### TASK PROMPT:
Don't include pictures. Quote the lines below from the first through the line that contains "在南通市通吕运河畔2024年第一个日出,远处是南通地标性建筑南通电视塔。陈德军 摄 视觉江苏网供图".

* * * *

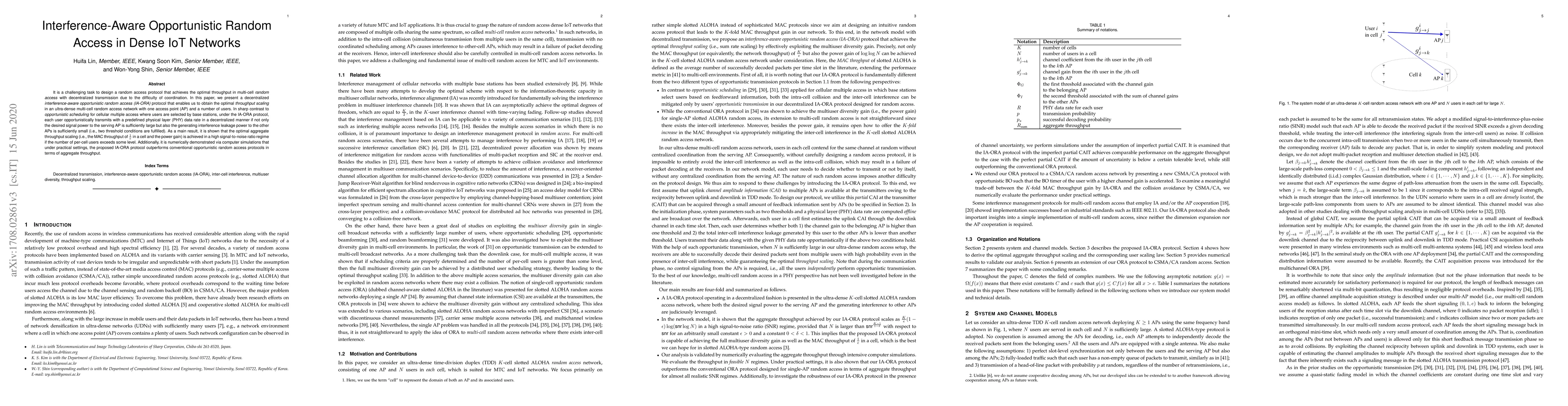 This paper introduces a decentralized interference-aware opportunistic random access (IA-ORA) protocol for dense IoT networks, achieving optimal throughput scaling by allowing users to transmit only when signal and interference thresholds are met. The proposed protocol outperforms conventional methods in aggregate throughput.
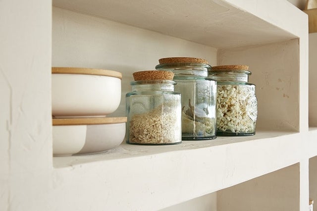 On fait le lien avec le jardin en ajoutant quelques touches de matières naturelles que l’on dissémine dans tout le volume : plateau en osier, fleurs séchées, pots en verre et couvercles en liège, etc.
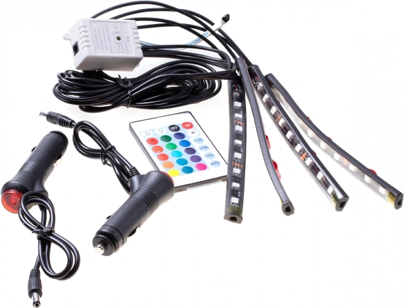 Benzile LED permit crearea unei iluminări originale a interiorului oricărui automobil. Datorită iluminării LED puteți crea un interior original în mașina dvs. Benzile vă ajută să realizați rapid și ușor o schimbare simplă, dar importantă, în vehiculul dvs. Benzile pot fi lipite deasupra pragurilor, sub scaune, sub uși, în cockpit, în portbagaj etc. Benzile LED se fixează cu bandă adezivă dublu-adezivă 3M, astfel încât instalarea este foarte ușoară. Benzile sunt impermeabile, astfel că nu trebuie să vă faceți griji privind umiditatea. Prin reglarea intensității luminii puteți decide singuri ce parte a interiorului doriți să fie iluminată. Alimentare direct din bricheta auto - 12 V. Se poate opri rapid și ușor datorită butonului special iluminat ON/OFF de pe ștecherul de 12V al brichetei.
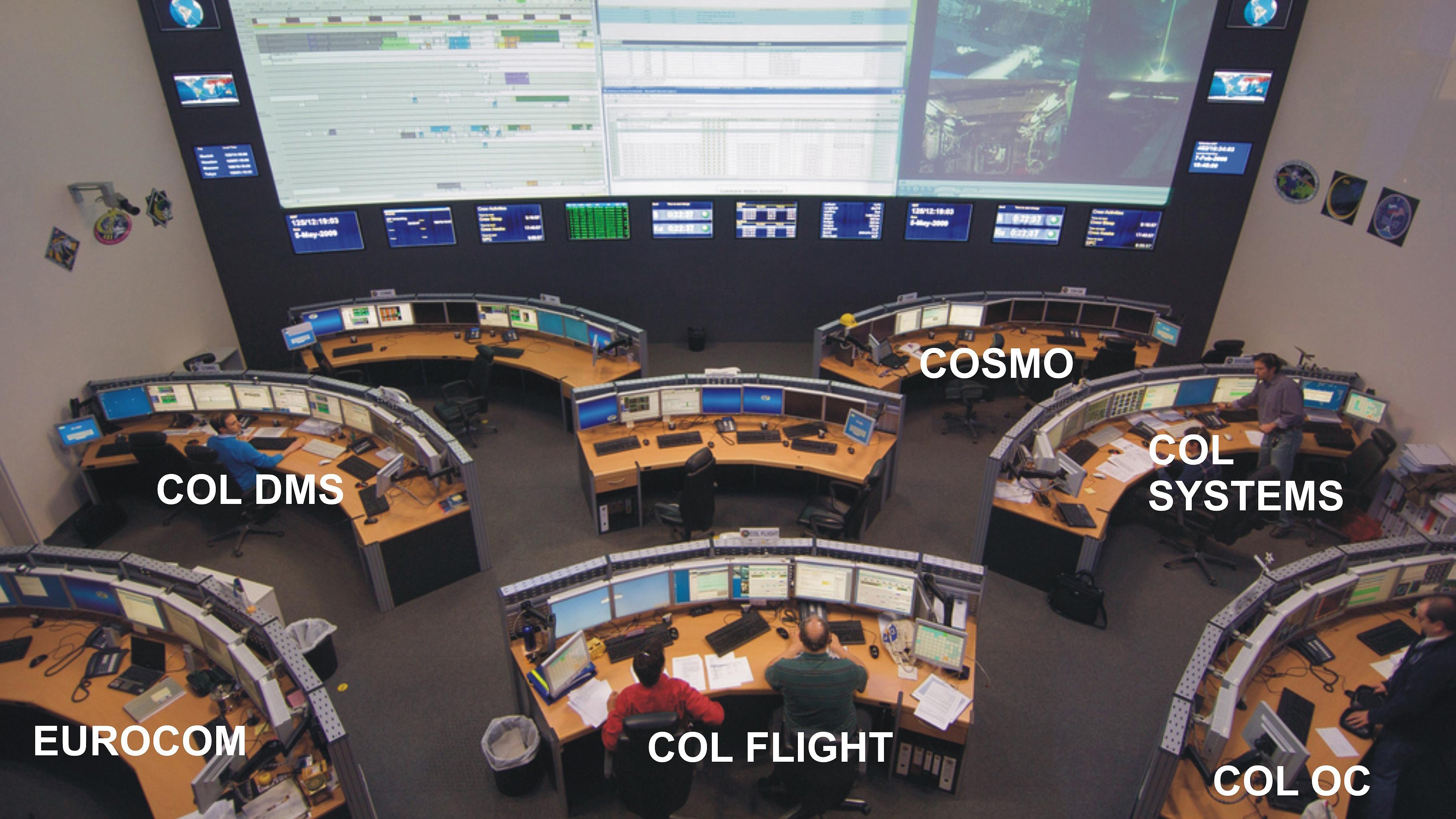A view of the Oberpfaffenhofen ISS control room showing the different console positions needed to monitor Columbus.
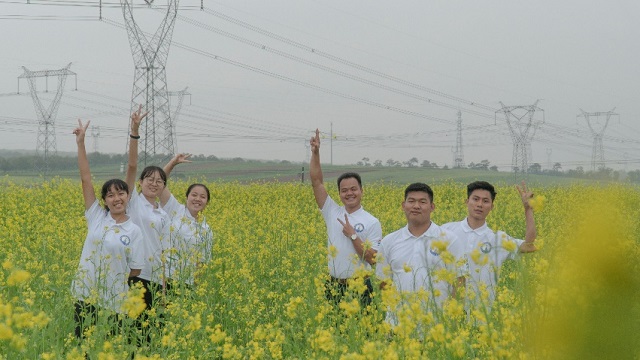 团队成员一同观赏油菜花地
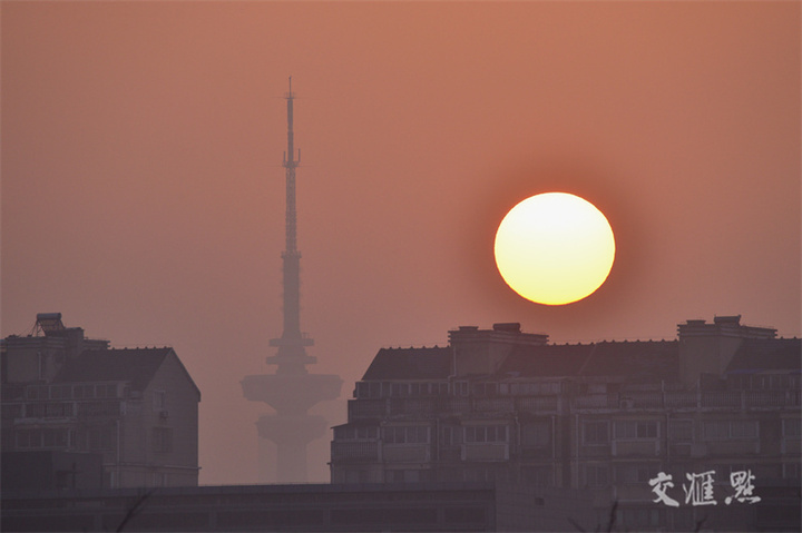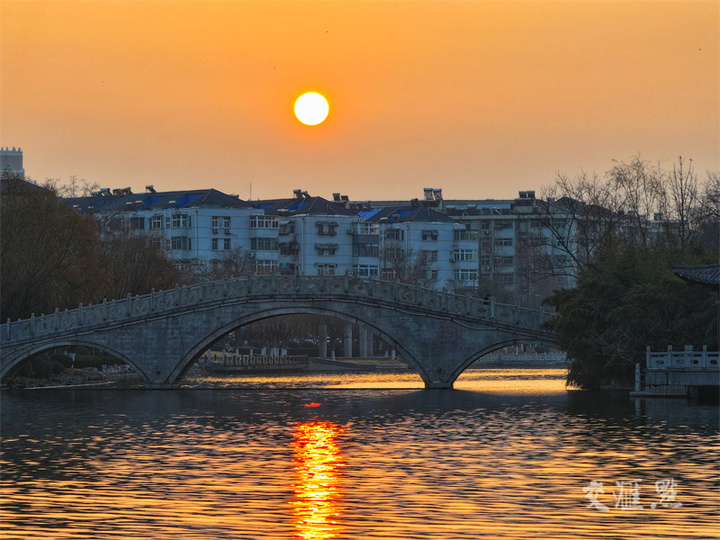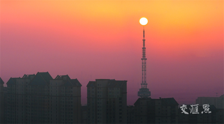 在南通市通吕运河畔2024年第一个日出,远处是南通地标性建筑南通电视塔。陈德军 摄 视觉江苏网供图
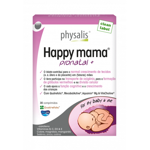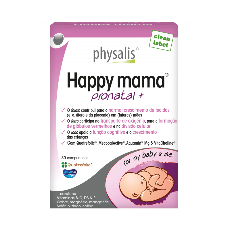 Deseja ser mãe, ou já está grávida e pretende amamentar o seu bebé? Physalis Happy mama® oferece uma formulação completa com vitaminas e minerais para ajudá-la a si e ao seu (futuro) bebé, a viverem esse período de uma forma otimizada. Physalis Happy mama® contém Quatrefolic®, a forma biologicamente ativa do ácido fólico ou 5-MTHF (ligada ao glucosamina). Esta forma é imediatamente utilizável pelo organismo, sem ter de sofrer qual tipo de metabolização, contrariamente a outras formas de ácido fólico. O folato contribui para o normal crescimento de tecidos em (futuras) mães (e. a. do útero e da placenta). Vitamina B12 ativa (MecobalActive®, uma forma muito pura de metilcobalamina), vitamina C e ferro ajudam a reduzir a fadiga. O ferro está envolvido na formação das células vermelhas do sangue e na divisão celular, bem como a vitamina D. O iodo apoia a função cognitiva e o crescimento normal das crianças. Contém ainda colina (VitaCholine®) que contribui para o normal metabolismo da homocisteína. Pode ser utilizado juntamente com Physalis Ómega 3 forte.
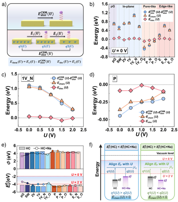 图4.电荷对碳层中Na存储行为影响的来源。a)CDM和CNM之间分解能量差异的示意图。黄色矩形和紫色球分别代表HC和Na。b)对于不同的平坦碳层,在U=0V时,Echem(U)和Eelec(U)对能量差ECDMstor(U)−ECNMstor(U)的贡献。c)1V_N和d)P的Echem(U)、Eelec(U)和ECDMstor(U)−ECNMstor(U)作为U的函数。e)计算得出的Na吸附前后各种平坦碳层的ф和E0F。f)Na吸附过程中Echem(U)与结构相关电子变化之间的相关性说明。
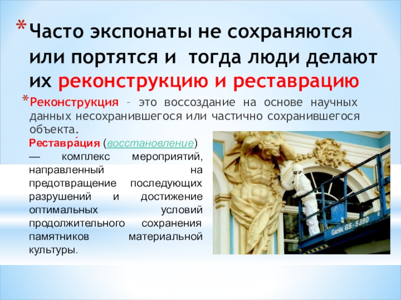 Реконструкция – это воссоздание на основе научных данных несохранившегося или частично сохранившегося объекта.
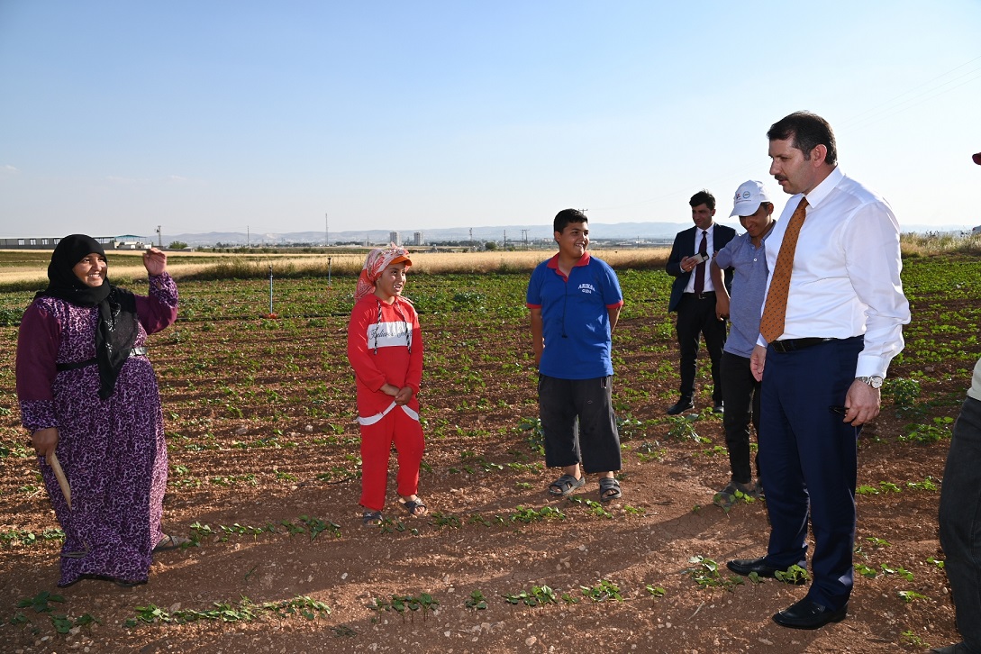 Tarlada çapa yapan işçilerin taleplerini dinleyen Vali Ayhan, Türkiye'de tarımsal üretimin lider şehirlerinden birinin Şanlıurfa olduğunu söyledi. Pamuğun üretimi ile ilgili bilgiler de alan Vali Ayhan, "Tarımda pamuk ve fıstık gibi üretimde lider ürünlerimizi Şanlıurfa'mız için sanayide markalaştırmalıyız. Bunun çabası içerisinde olacağız ve projeler geliştireceğiz" dedi.
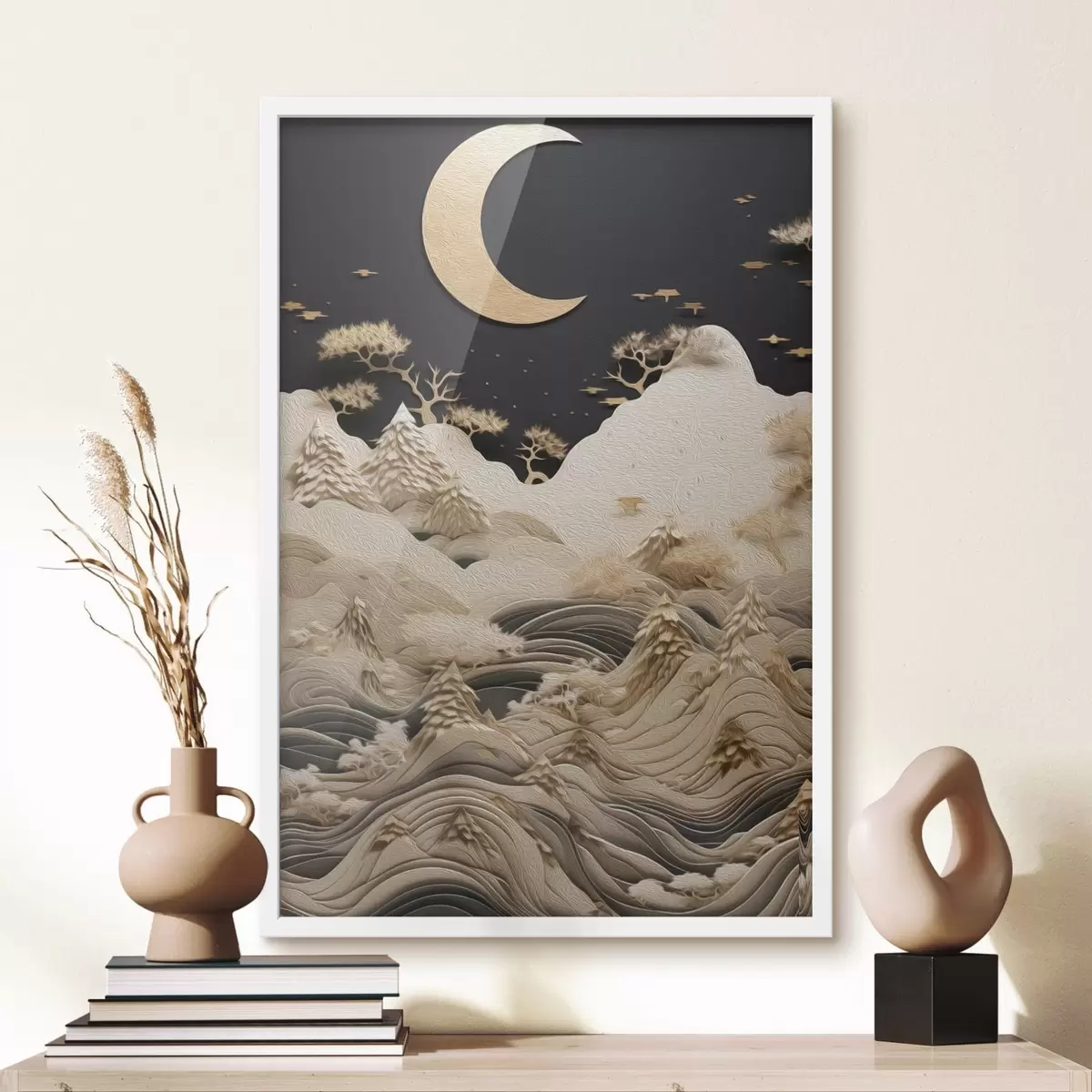 Poster Stylizowane góry i drzewa pod księżycem Nr f47300

* * * *

### ANSWER SECTION:
 This paper introduces a decentralized interference-aware opportunistic random access (IA-ORA) protocol for dense IoT networks, achieving optimal throughput scaling by allowing users to transmit only when signal and interference thresholds are met. The proposed protocol outperforms conventional methods in aggregate throughput.
 On fait le lien avec le jardin en ajoutant quelques touches de matières naturelles que l’on dissémine dans tout le volume : plateau en osier, fleurs séchées, pots en verre et couvercles en liège, etc.
 Benzile LED permit crearea unei iluminări originale a interiorului oricărui automobil. Datorită iluminării LED puteți crea un interior original în mașina dvs. Benzile vă ajută să realizați rapid și ușor o schimbare simplă, dar importantă, în vehiculul dvs. Benzile pot fi lipite deasupra pragurilor, sub scaune, sub uși, în cockpit, în portbagaj etc. Benzile LED se fixează cu bandă adezivă dublu-adezivă 3M, astfel încât instalarea este foarte ușoară. Benzile sunt impermeabile, astfel că nu trebuie să vă faceți griji privind umiditatea. Prin reglarea intensității luminii puteți decide singuri ce parte a interiorului doriți să fie iluminată. Alimentare direct din bricheta auto - 12 V. Se poate opri rapid și ușor datorită butonului special iluminat ON/OFF de pe ștecherul de 12V al brichetei.
A view of the Oberpfaffenhofen ISS control room showing the different console positions needed to monitor Columbus.
 团队成员一同观赏油菜花地
 在南通市通吕运河畔2024年第一个日出,远处是南通地标性建筑南通电视塔。陈德军 摄 视觉江苏网供图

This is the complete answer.